Purpose of the robots.txt File

The purpose of the robots.txt file is to tell the nice bots which areas of the site you do not want included in their search index.

What Can You Do with a robots.txt File?

Each instruction (and part of) needs to be on a separate line.
No blank lines between the parts of the instruction. The blank line indicates the end of the instruction.
If you wish to pick and choose which files are indexed, it is easier to put those files you do not want indexed in a separate folder with the instruction in the robots.txt file for the bots to stay out of the folder.
Here are a few samples of what instructions you can place in your robots.txt file:

Disallow Indexing of Specific Folders

To disallow the indexing of the contents in a specific folder the instruction is:
User-agent: *
Disallow: /images/
* indicates all bots
/images/ is the name of the folder. Don’t forget the / at the beginning of the folder name and at the end.

Disallow Specific Bots

Maybe there is a specific bot you do not want to index your information.
User-agent: Bot name
Disallow: /
There are lists of User-agents and bad bots if you what to look up a specific User-agent/bot name.
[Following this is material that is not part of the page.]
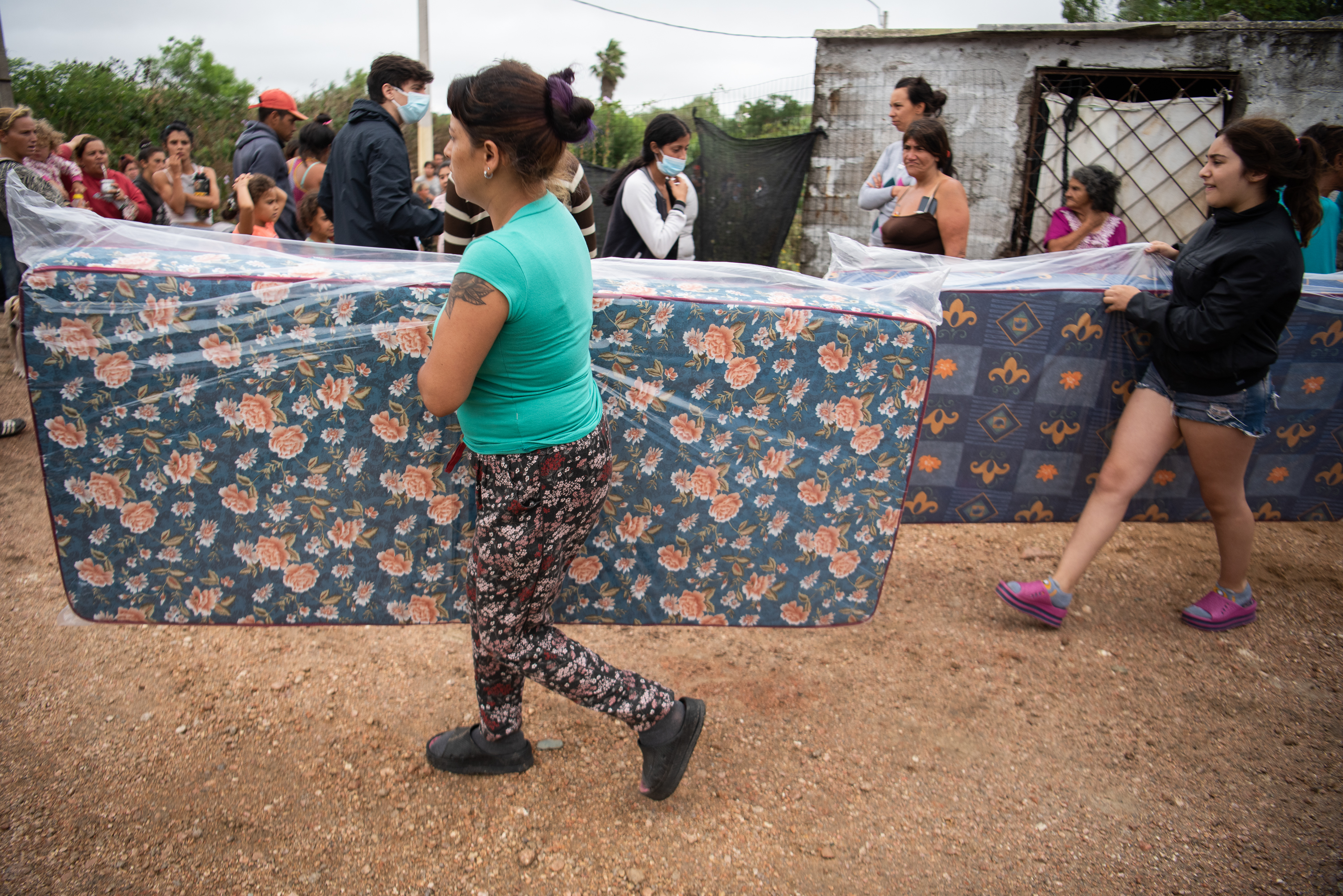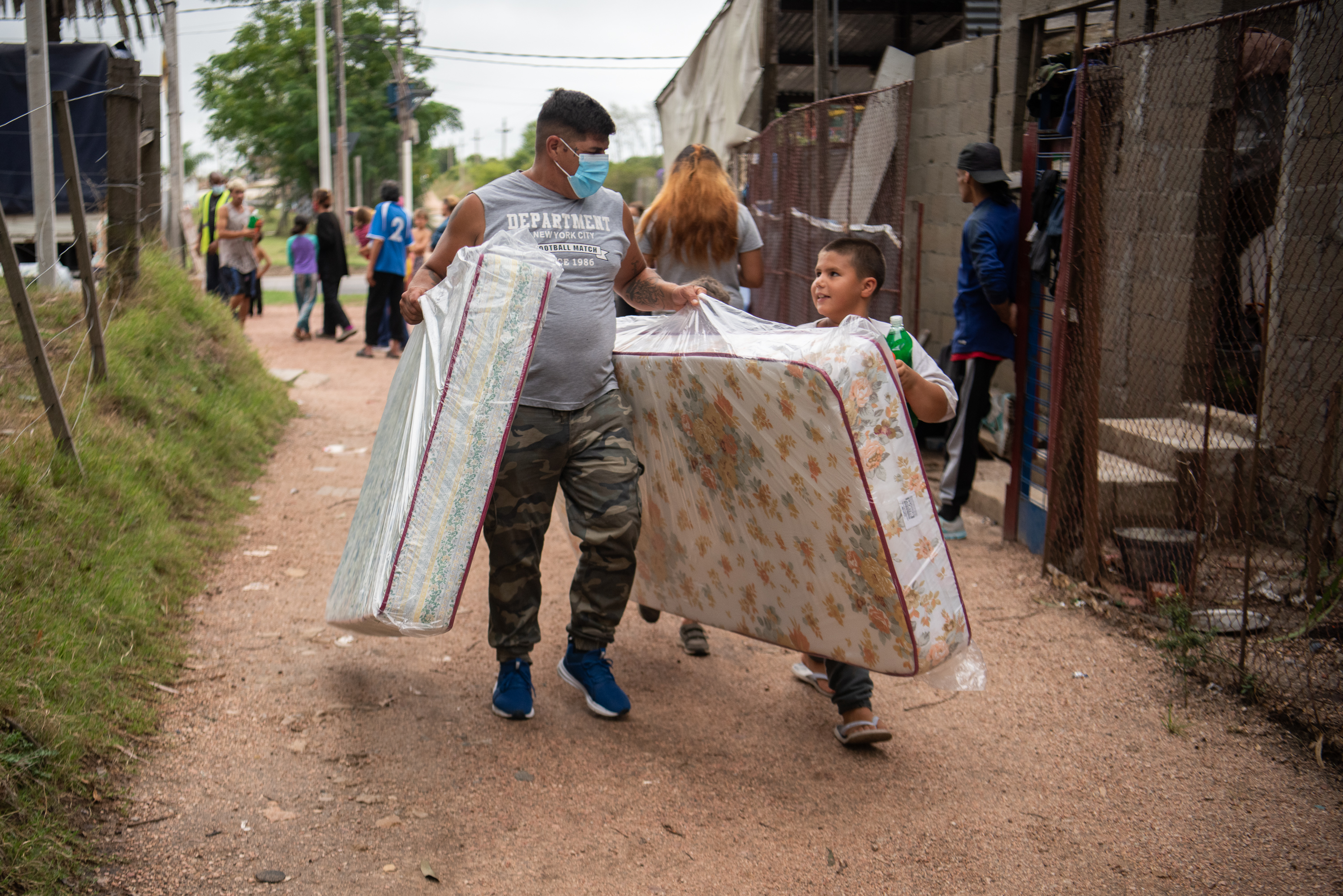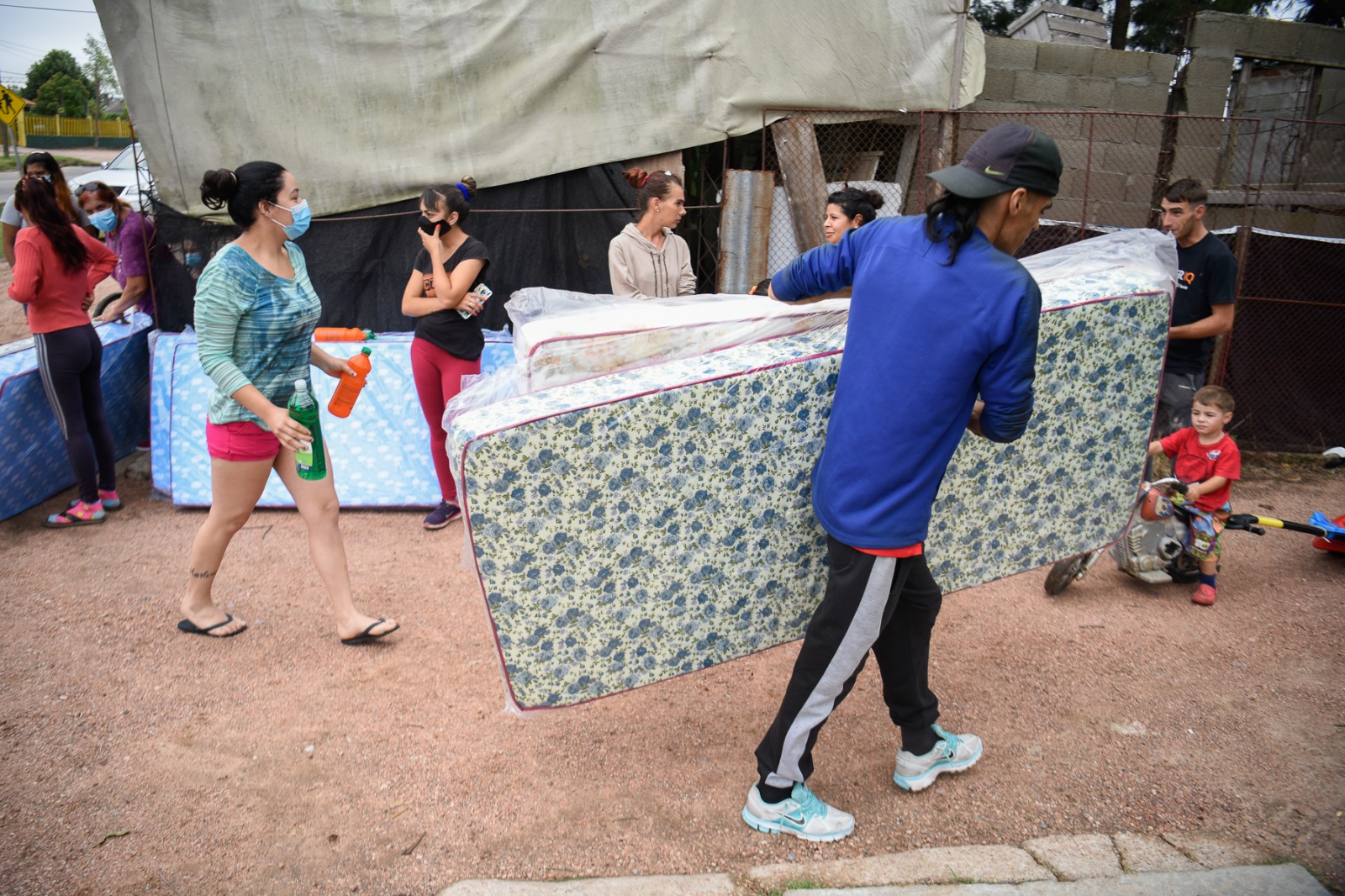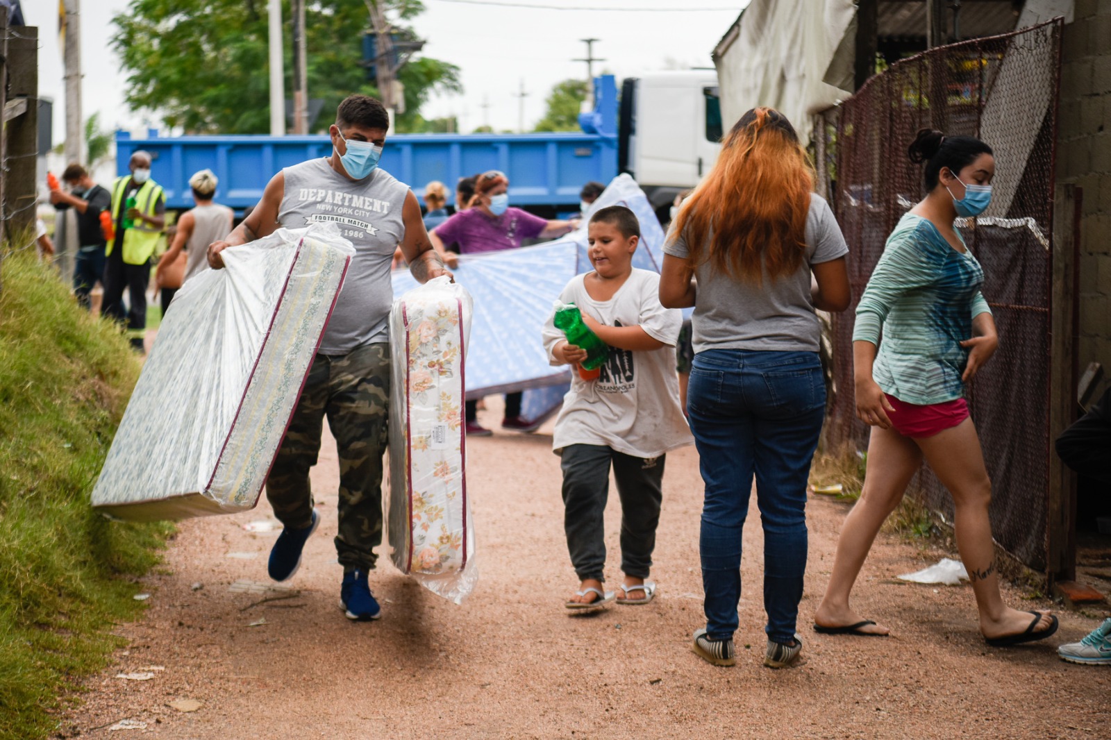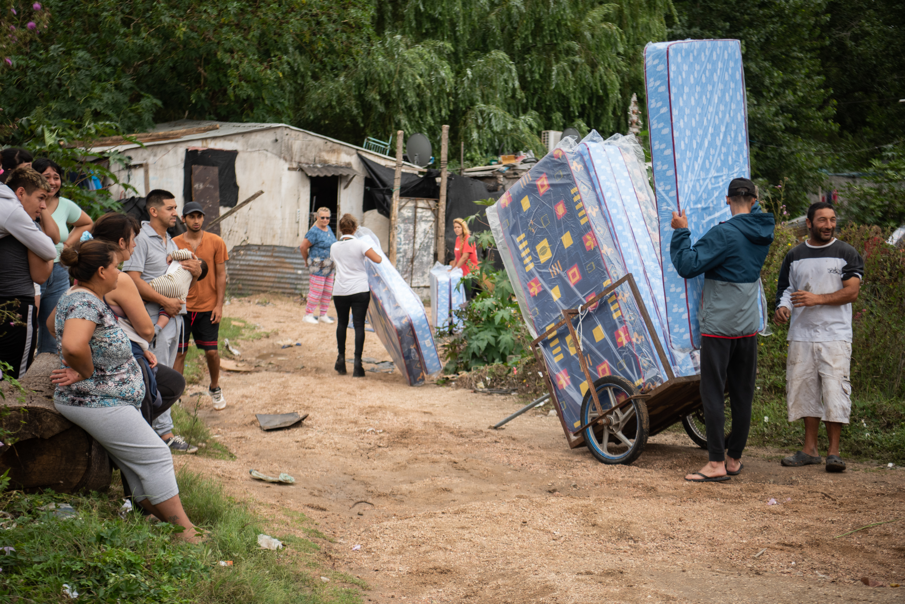 Donación de colchones y elementos de limpieza en el asentamiento El Progreso para familias damnificadas por las inundaciones

Stop Images Indexed in Image Search

Some people want their images indexed in Google, Bing and Yahoo! image searches for the possible traffic but if you don’t you can let the image bots know this. e.g. For Google image bot
User-agent: Googlebot-Image
Disallow: /

How to Create a robots.txt File

You will need a plain text editor. Something like Notepad (which somes with Windows) or Notepad++ is a plain text editor. Word and other word processing software are not plain text editors.
You will also need a folder on your computer to store this file until you are finished editing it. You have a backup of your site – right? If not, create one! Use FTP software to backup your site. For WordPress we also have specific instructions: Backup WordPress.
  1. Open your plain text editor.
  2. Use File/Save As from it’s top menu bar to navigate to the folder which contains a local copy of your website or blog.
    Make sure you are in the root of the folder, not inside a folder within the website folder.
  3. Name the file robots.txt in the File Name box.
  4. Left click Save to save the file.
    The empty file’s screen becomes active again.
  5. Type in the instructions you wish to have in your robots.txt file (see above for samples).
  6. Save the file when you are done.
    The file can be closed also.
  7. Using FTP software (or your web hosting File Manager function) upload the robots.txt file to the root of your website/blog.
    The root of your website is the folder where your website files are. Sorry can’t be more specific as each web hosting setup is different. If you are not sure which folder, look at your web hosting’s documentation.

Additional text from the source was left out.